No defiendo los yerros de este Gobierno, pero el pueblo, el ciudadano, actúa como lo hacen sus representantes: a mal tiempo buena cara. No escuchando lo que reclama el ciudadano común, y diciendo lo que nos gusta escuchar: la economía está remontando. Esto me hace acordar, cuando Menem dijo para semblantear la situación: “Estamos mal, pero vamos bien”.
Es decir, “socios” en la mentira como relato único. Lo que nos pasa son como “las joyas de la abuela”, tratamos de revalidar en el desconsuelo el valor perdido, y en nuestra ignorancia hacer lo opuesto a la precariedad. Gastar y no demostrar “bajoneo”, aunque de regreso lloremos, pero tenemos todo un año para inundar de lágrimas.
No estoy en contra del ocio, ni de la satisfacción de gozarlo, ya que cada cual es el artífice de su propio destino, pero entonces no utilicemos dos discursos diametralmente opuestos.
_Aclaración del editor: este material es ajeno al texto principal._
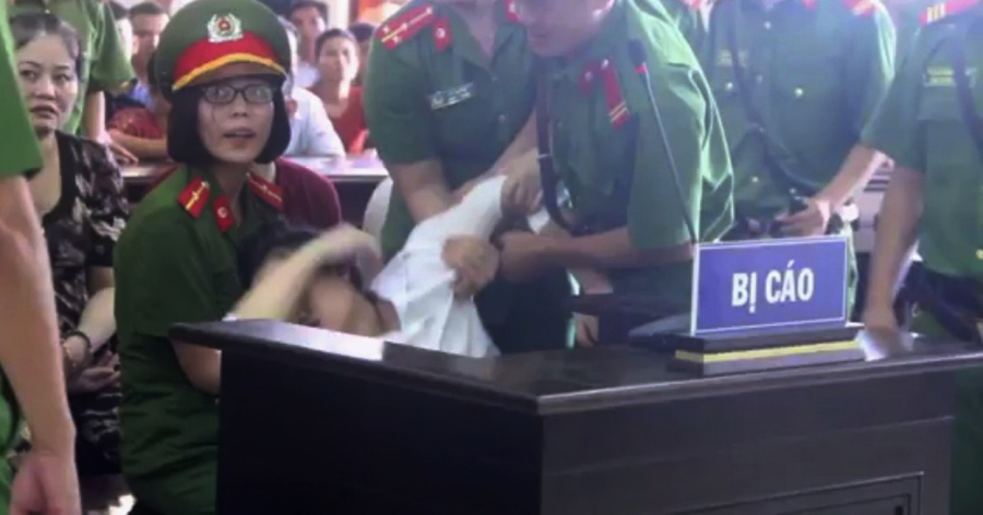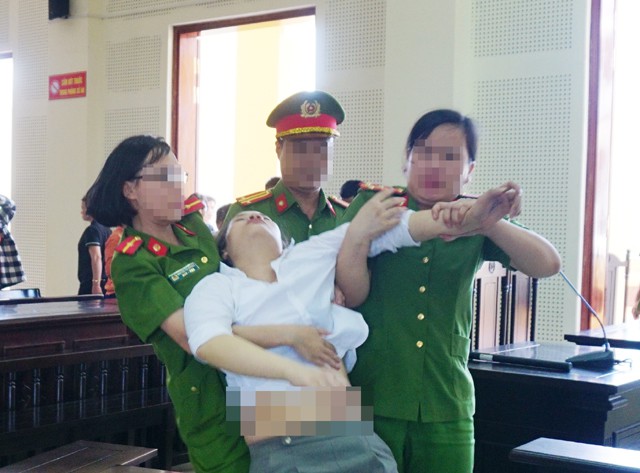 Bị cáo Hồ Thị Huệ ngất xỉu khi bị tuyên tăng hình phạt so với sơ thẩm.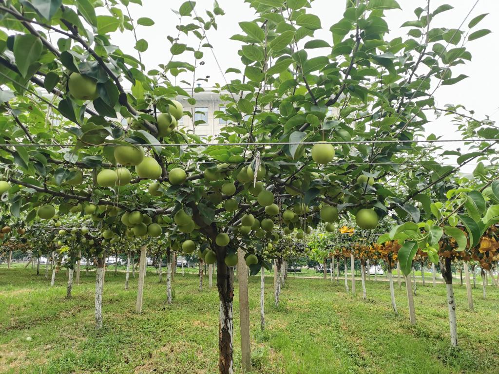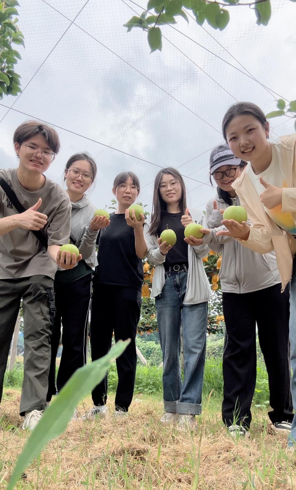 为更加深入了解“双臂顺行式”梨栽培模式的研发与应用,实践小队一行人又驱车前往果茶所江夏基地梨科技示范园,在这里,实践小队参观了“双臂顺行式”棚架梨各个研发时期的架式与应用,并在产区管理员的带领下,参与了梨果采收、拉枝等生产活动。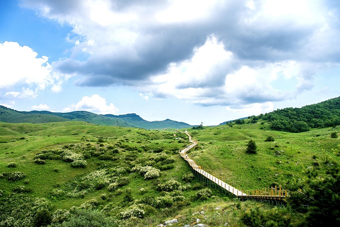 夏日晴光里,木栈道如丝带穿梭翠山。云影漫溯青山,繁花与芳草轻晃,游人徐行,脚步叩响悠然,把喧嚣甩在风里,让身心浸在这满溢诗意的清凉里。(新密市纪委监委 刘宏恩 摄)

Es añorar pasado que alguna vez vivimos felices y hoy lo traemos al presente como recuerdos de un futuro, al cual deseamos volver, pero que no se da.
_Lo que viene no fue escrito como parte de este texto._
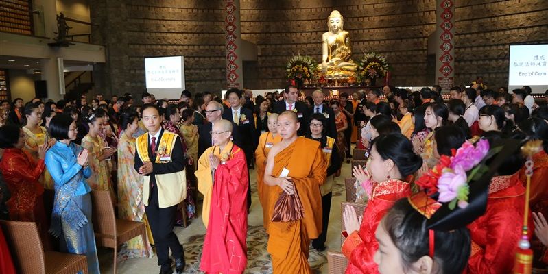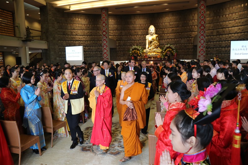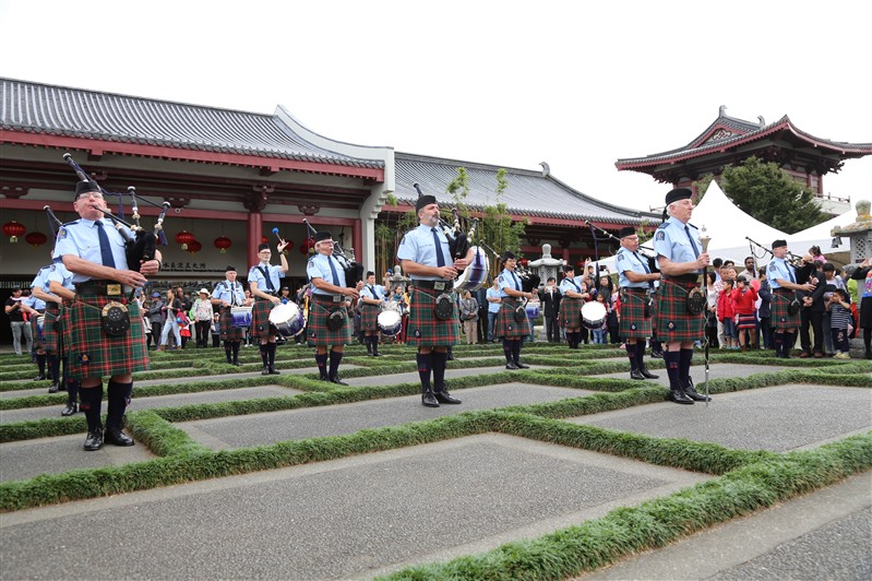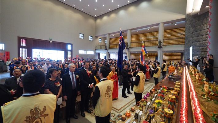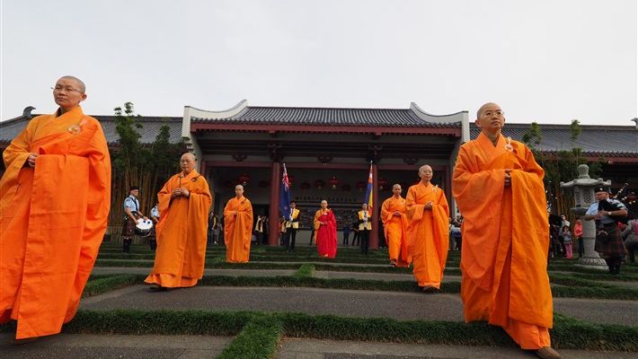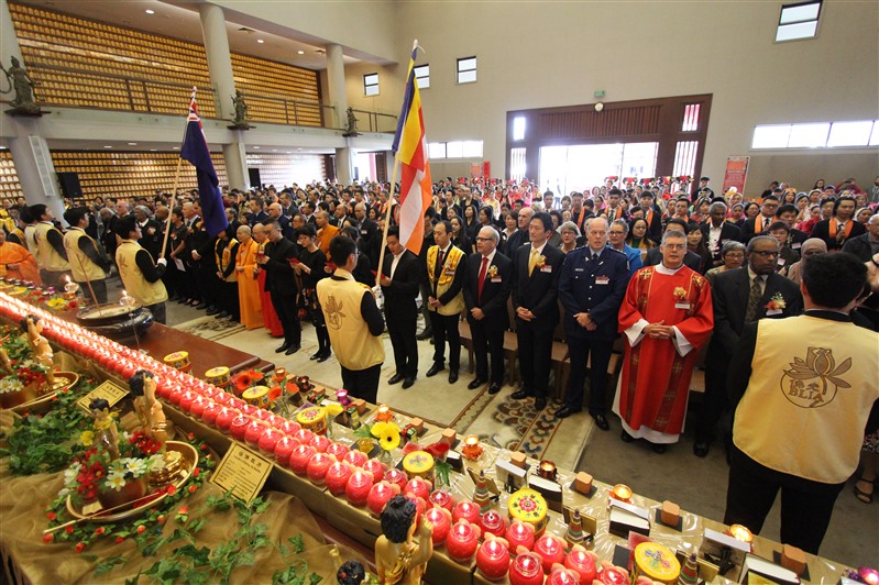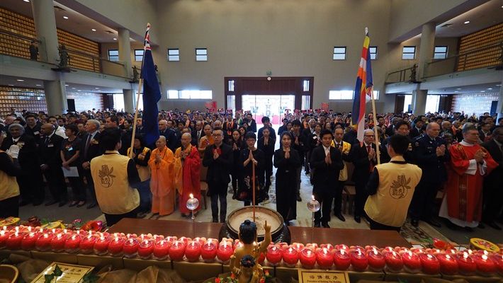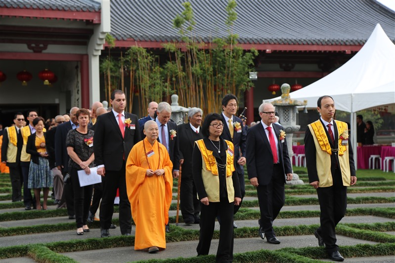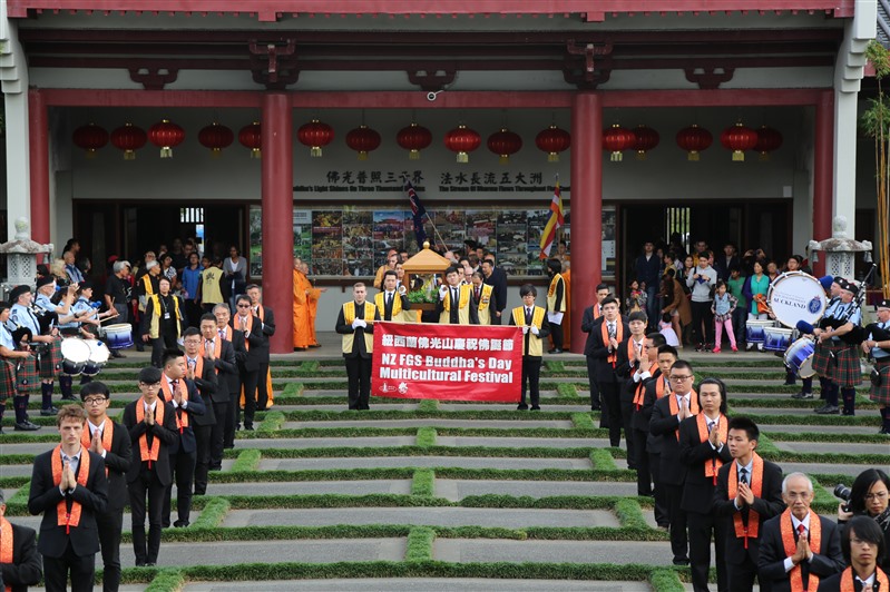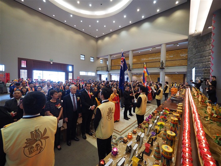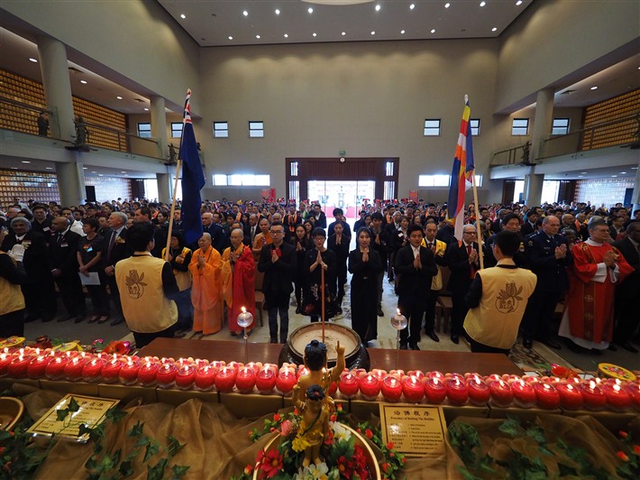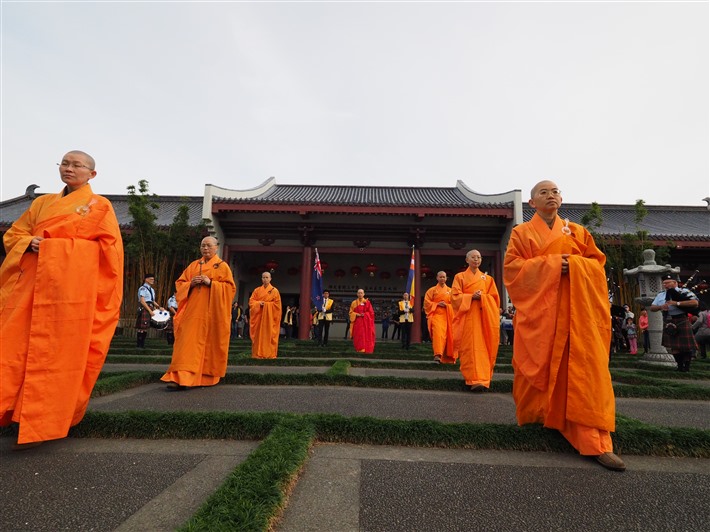 大會主席國際佛光會紐西蘭北島協會余林濤會長、佛光山教育院院長兼菲律賓總住持永光法師、蔡素芬督導長引領當地政界、警界、僑界、商界等與會貴賓入席,30位佛光青年帶領全場大眾獻唱紐西蘭國歌及三寶頌。

Para graficar tamaña hipocresía, las dos caras que siempre hacemos gala, es igual a las actitudes no reveladas por el comportamiento y las buenas costumbres, que hacían gala el dibujo concebido por el autor Guillermo Divito para la tira: “El otro yo del Dr. Merengue”. Un personaje popular que nos representa fielmente como somos; decimos una cosa y hacemos otra.
En la jerga popular se lo pinta como “fayuto”, “careta” o “dos caras”, por representar eso y mucho más. Dos procederes en desencuentro permanente por mantener las formas, ser felices como fuere, cuando en realidad es la ética lo que importa. Una sola palabra.